We would need to split the index into a lot of smaller files that can be practically downloaded by browsers, maybe 20 MB each. The user types in a search query, the browser hashes the query and downloads the corresponding index file which contains only results for that hashed query. Then the browser sifts quickly through that file and gives you the result.

Hosting this would be cheap, but the main barriers remain..

  • I've done something similar with a static hosted site I'm working on. I opted to not reinvent the wheel, and just use WASM Sqlite in the browser. Sqlite already splits the database into fixed-size pages, so the driver using HTTP Range Requests can download only the required pages. Just have to make good indexes.

    I can even use Sqlite's full-text search capabilities!

It's trivial to normalise the various formats, and there were a few libraries and ML models to help parse PDFs. I was tinkering around with something like this for academic papers in Zotero, and the main issue I ran into was words spilling over to the next page, and footnotes. I totally gave up on that endeavour several years ago, but the tooling has probably matured exponentially since then.

As an example, all the academic paper hubs have been using this technology for decades.
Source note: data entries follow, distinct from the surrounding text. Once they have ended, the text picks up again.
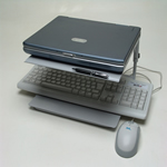 O suporte para notebook vem justamente solucionar este problema. A tela é posicionada na altura correta, formando um ângulo de 90º com a mesa, evitando reflexos da luz e induzindo o digitador a uma postura melhor. O usuário, por sua vez, pode valer-se de um mouse e um teclado convencional, evitando problemas de coluna, tendinites e outras doenças causadas pela postura incorreta e pelo uso do teclado e mouse pouco ergonômicos dos notebooks.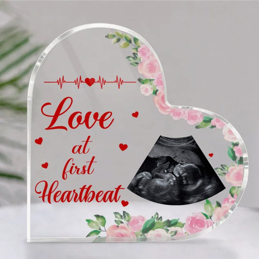 Mom - Custom Photo Love At First Heartbeat Baby - Personalized Heart Acrylic Plaque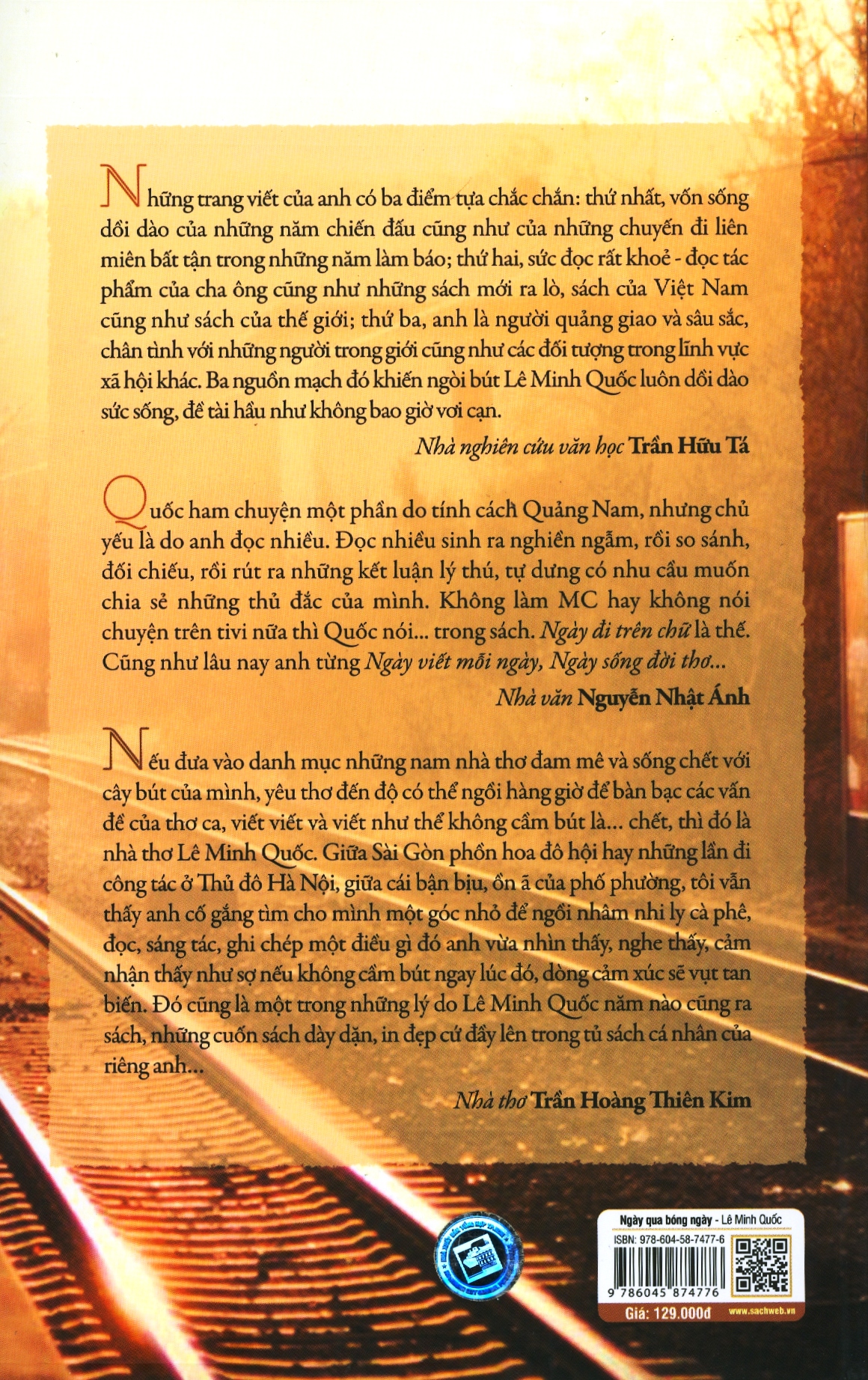 THÔNG TIN PHÁT HÀNH Tác giả: Phạm Trung Tuyến Nhà xuất bản: Hội nhà văn Số trang: 228 Kích thước: 14x20.5 cm Ngày phát hành: 12-2021 GIỚI THIỆU SÁCH Mỗi ngày ta sống

I'd wager that all of the big Gen AI companies have planned to use this exact dataset, and many or them probably have already.

  • > It's trivial to normalise the various formats,

    Ha. Ha. ha ha ha.

    As someone who as pretty broadly tried to normalize a pile of books and documents I have legitimate access to, no it is not.

    You can get good results 80% of the time, usable but messy results 18% of the time, and complete garbage the remaining 2%. More effort seems to only result in marginal improvements.

Decent storage is $10/TB, so for $10,000 you could just keep the entire 1PB of data.

A rather obvious question is if someone has trained an LLM on this archive yet.

  • A rather obvious answer is Meta is currently being sued for training Llama on Anna's archive.

    You can be practically certain that every notable LLM has been trained on it.

    • > You can be practically certain that every notable LLM has been trained on it.

      But only Meta was kind of not so smart to publicly admit it.